Going green won't kill jobs during hard times This is the kind of commentary that terrifies the right wing - especially when now is the best time to go green while the economy is still weak.
So when the economy is behaving well, environmental regulatory changes are generally irrelevant to job growth. But when the economy is not functioning well, regulatory changes are very likely to create jobs.
There are three reasons for this. First, investments in pollution abatement and control do not threaten to crowd out other investments by monopolising scarce financial capital and hence pushing up interest rates. Financial capital is not scarce during recessions, but opportunities to undertake real investment projects are.
Second, increases in energy costs following the implementation of new rules are unlikely to be passed on to consumers. With lots of excess supply around, firms are not in the position to raise the price of their goods without worrying about the effects on demand. Further, profit margins in the US corporate sector are at a 45-year high, meaning that increased costs can easily be absorbed by companies through reduced profits. Empirical research shows that high profit margins do indeed provide such buffers against price increases.
Lastly, the boost to employment provided by new investments accompanied by muted price responses will not be neutralised by the Federal Reserve, at least not in the next few years, as it has committed to holding interest rates low until unemployment returns to more normal levels.
US scepticism – it's been a long time coming The anti-science voices on the right are not new according to this piece, but they're getting louder.
From Rick Santorum's assertion that global warming is a "hoax" to Rick Perry's support for intelligent design, the current Republican presidential primary season has sometimes seemed like a science-free zone.

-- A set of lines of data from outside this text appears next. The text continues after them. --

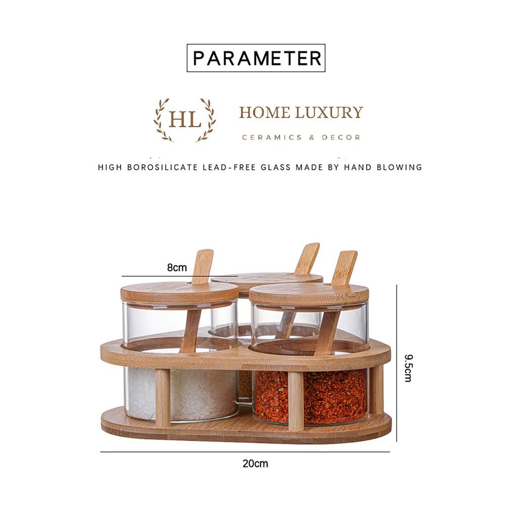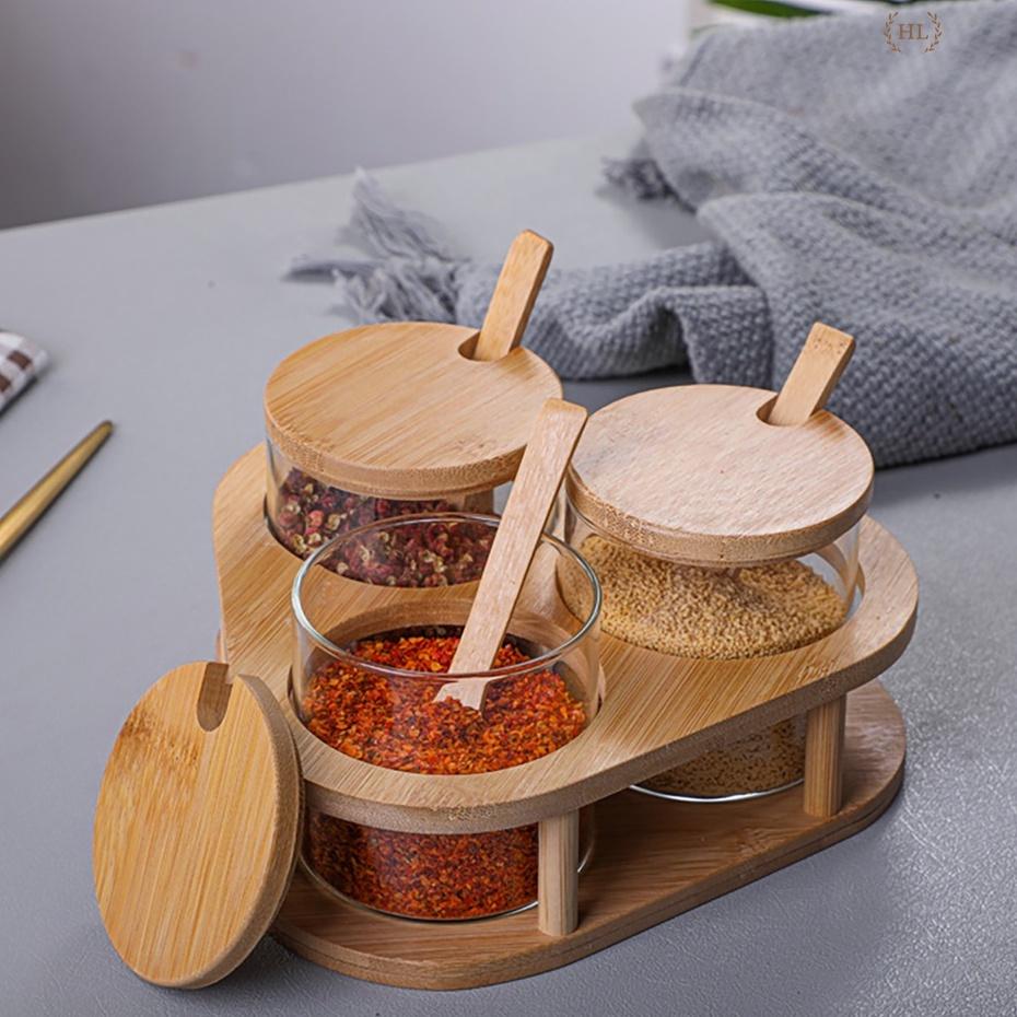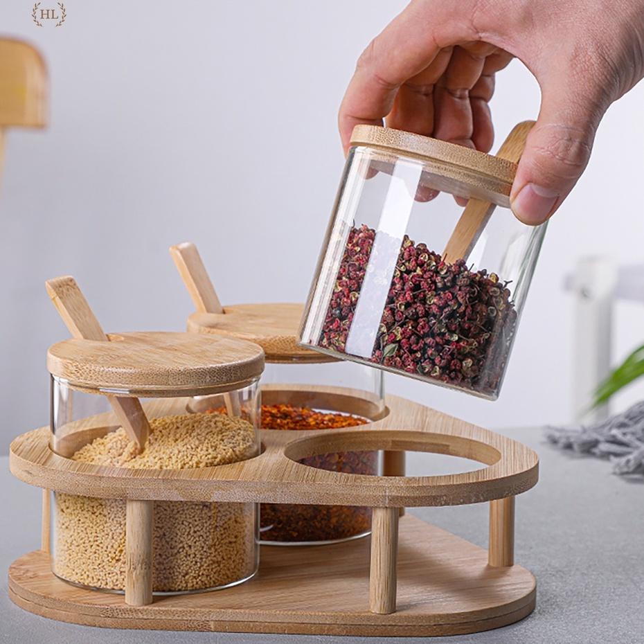 ✨3 HŨ THỦY TINH NẮP TRE | GIA VỊ THỦY TINH NẮP GỖ KÈM KỆ TAM GIÁC | HŨ THỦY TINH CAO CẤP ĐỰNG GIA VỊ KÈM KHAY VÀ THÌA GỖ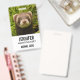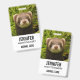 Name badge with an adorable photograph featuring a small brown ferret standing up in some long grass. Cute as can be!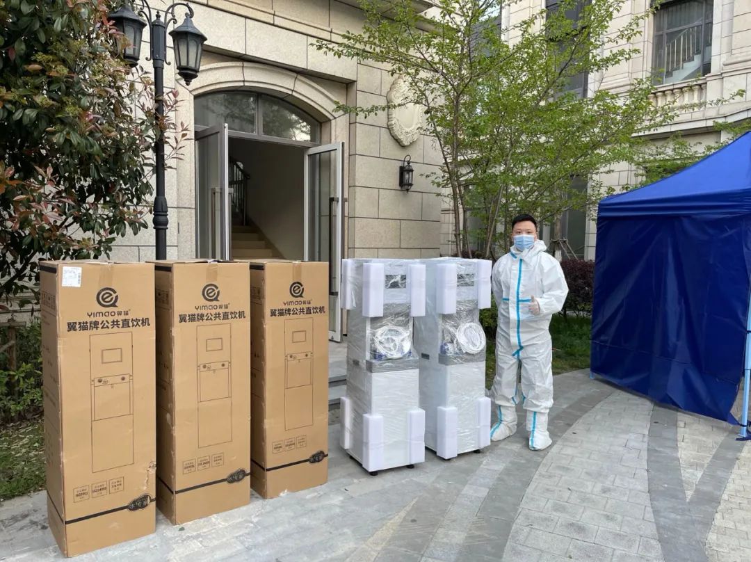 2022年上海新冠疫情封控期间,为了让医务人员和患者喝上安全的每一滴水,翼猫科技在嘉定区方舱医院安装翼猫智能公共直饮机(贵族1号),保障方舱医院人员的饮水安全。
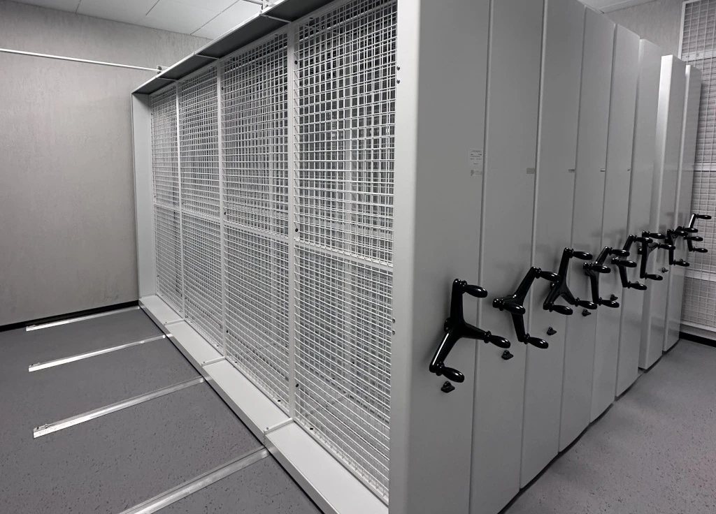 Раздвижные стеллажи с сетками - это удобная система хранения картин в фондохранилище музея, которая позволяет защитить их от пыли, грязи и повреждений и сэкономить площади.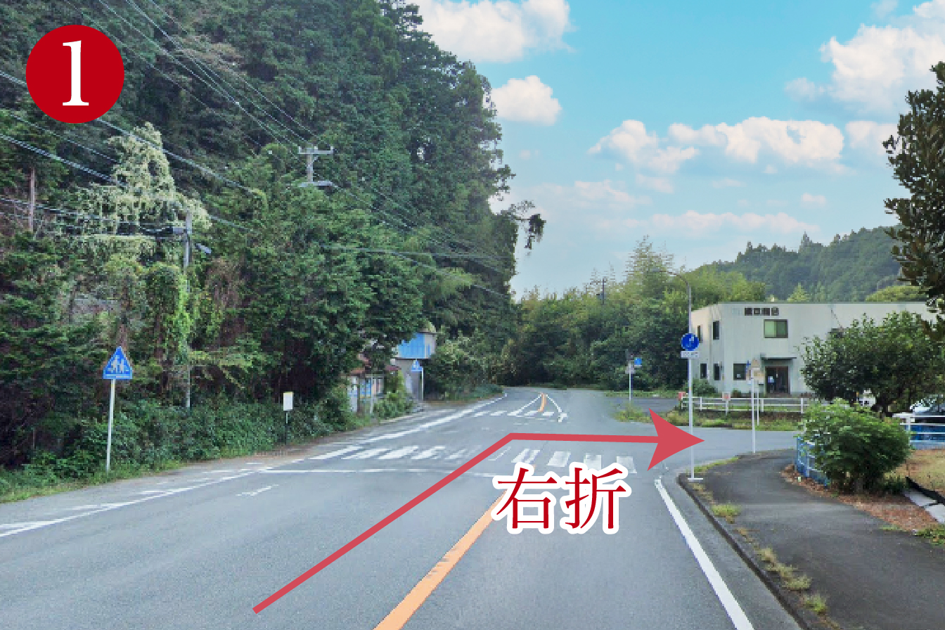 ① 当店より約1km先の「橋本商会」で右折し
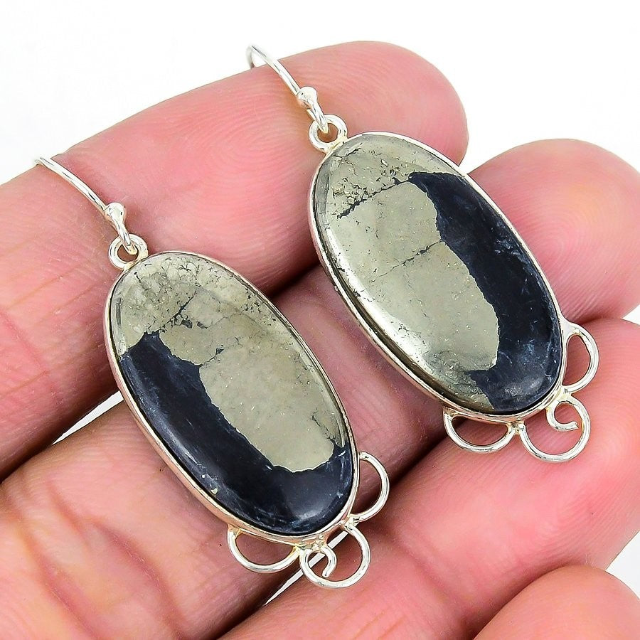 Natural Pyrite Agate Engagement Anniversary Dangle Earrings Jewelry Solid Silver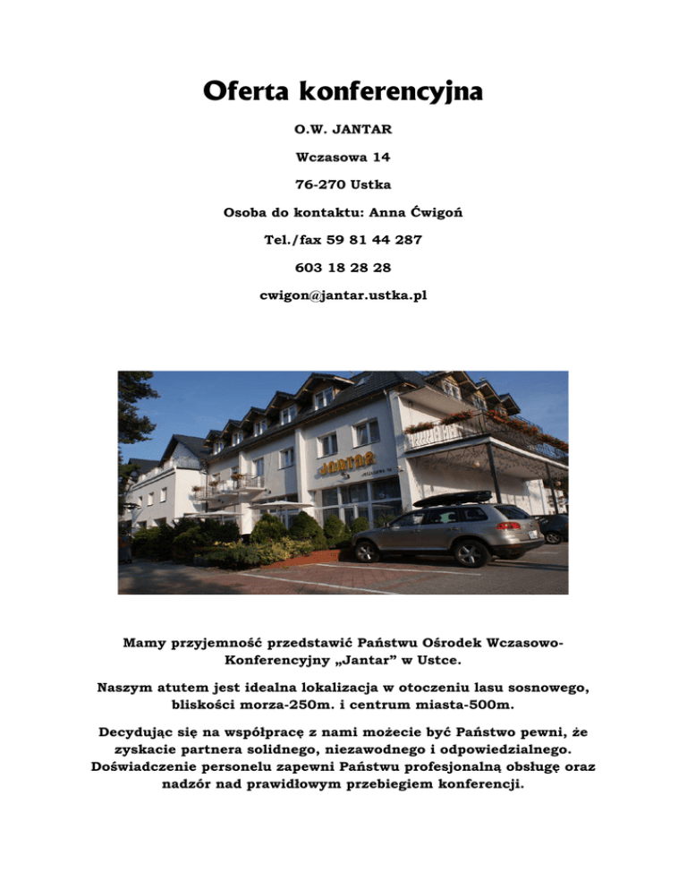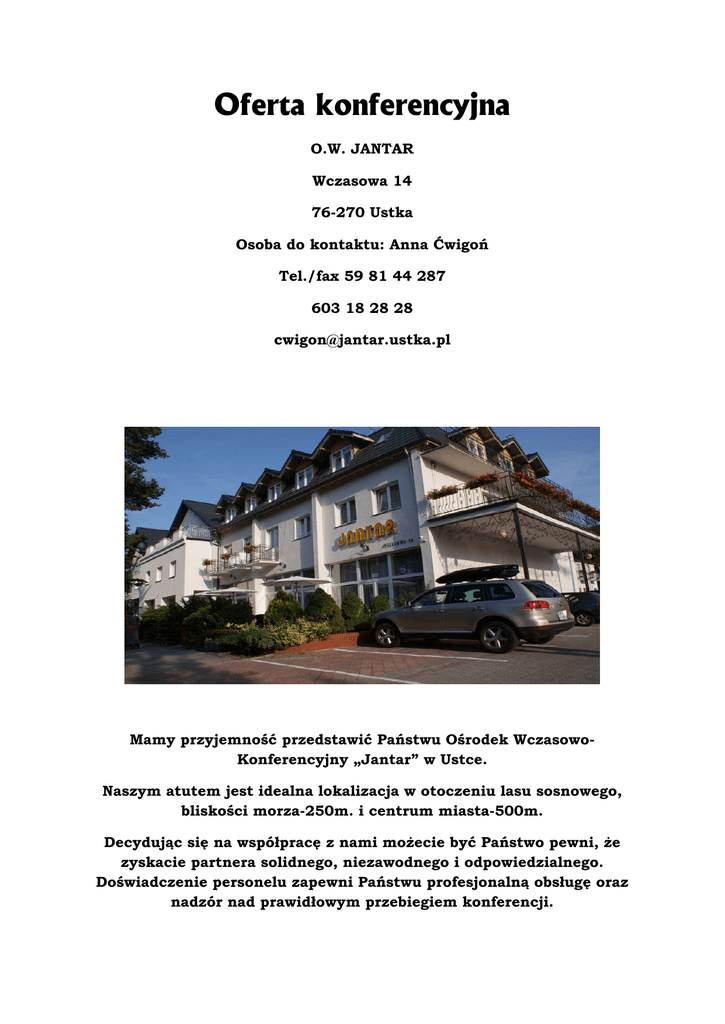 Oferta konferencyjna O.W. JANTAR Wczasowa 14 76-270 Ustka Osoba do kontaktu: Anna Ćwigoń Tel./fax 59 81 44 287 603 18 28 28 [email protected] Mamy przyjemność przedstawić Państwu Ośrodek WczasowoKonferencyjny „Jantar” w Ustce. Naszym atutem jest idealna lokalizacja w otoczeniu lasu sosnowego, bliskości morza-250m. i centrum miasta-500m. Decydując się na współpracę z nami możecie być Państwo pewni, że zyskacie partnera solidnego, niezawodnego i odpowiedzialnego. Doświadczenie personelu zapewni Państwu profesjonalną obsługę oraz nadzór nad prawidłowym przebiegiem konferencji. Pokoje hotelowe: Dysponujemy: 10 pokoi 1 osobowych 12 pokoi 2 osobowych standard 26 pokoi 2 osobowych komfort 9 pokoi 3 osobowych 2 apartamenty - 2 osobowe 2 apartamenty 3 osobowe Pokój 1 osobowy - 140zł. Pokój 2 osobowy - 190zł. Pokój 2 osobowy komfort - 220zł. Pokój 3 osobowy - 240zł. Apartament - 300zł. W cenę wliczono śniadania, podatek VAT, basen ,jacuzzi. Usługa hotelowa nie obowiązuje w lipcu oraz sierpniu. Wyżywienie: Wyżywienie: Obiad - 35zł./osoba* *Obiad jest porcjowany - składa sie z 3 dań. Kolacja - 25zł/osoba Obiadokolacja - 50zł/osoba Uroczysta kolacja - 90-150zł./osoba Grill - 50-90zł./osoba Śniadanie, kolację oraz obiadokolację serwujemy na szwedzkim stole. Przerwa kawowa standard (kawa, herbata, ciastka, ciasta, soki, woda) 15zł/osoba Serwis kawowy ciągły - 30zł/osoba Przerwa kawowa z przekąskami - (kawa, herbata, ciastka, ciasta, soki, woda, przekąski koktajlowe, owoce) - 25zł/osoba Serwis kawowy z przekąskami ciągły - 60zł/osoba Sale konferencyjne: Sala konferencyjna "A" Sala konferencyjna "B" do 30 osób - 380zł/doba do 30 osób - 380zł/doba od 30 do 60 osób -680zł./doba od 30 do 60 osób -680zł./doba od 60- 120 osób - 880zł./doba od 60- 100 osób - 880zł./doba Ustawienie sal Sala „A” 120 45 54 Sala „B” 100 40 36 Sala bankietowa 200 160 100 Wyposażenie sal: 1. 2. 3. 4. 5. 6. Projektor multimedialny Ekran Nagłośnienie sali Zaciemnienie sali Flip chart Internet bezprzewodowy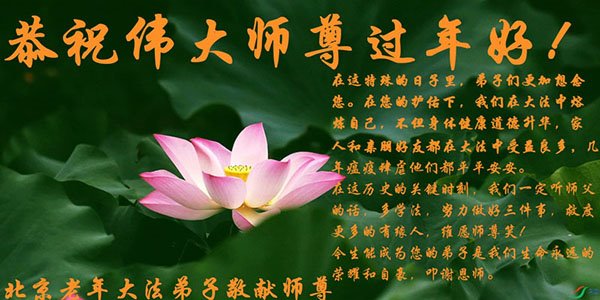 北京市海淀区一大法弟子给慈悲伟大的师尊拜年:恭祝师尊新年快乐!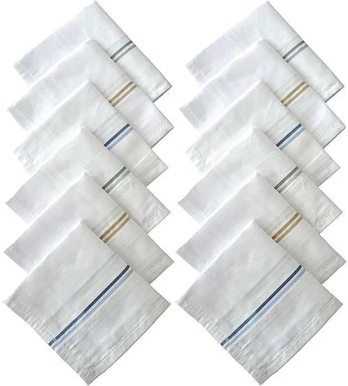 Plus Cart| WHITE HANKY| RUMAL| HANDKERCHIEF| MEN| COTTON| White Handkerchief For Men (Pack Of 12) Complete Face Cover Handkerchief Men's Cotton Striped| Comfortable and Convenient for Long Hours||XXL|KING SIZE|

But far from being a recent phenomenon, such comments reflect distrust in science among American conservatives that has been building steadily in recent decades. So says Gordon Gauchat of the University of North Carolina at Chapel Hill, who has analysed results from the General Social Survey, which regularly quizzes a representative sample of US adults.
In 1974, those who described themselves as conservatives placed as much trust in science as self-described liberals. But while trust has remained strong among liberals, for conservatives it has gradually declined.
Quite simply, what science is telling us about global climate change calls for action on a scale that can only be implemented through the dreaded "Big Government" - and rather than face up to that necessity, conservatives are determined to discredit science instead for ideological reasons.
It would be nice if anyone was talking about this, wouldn't it?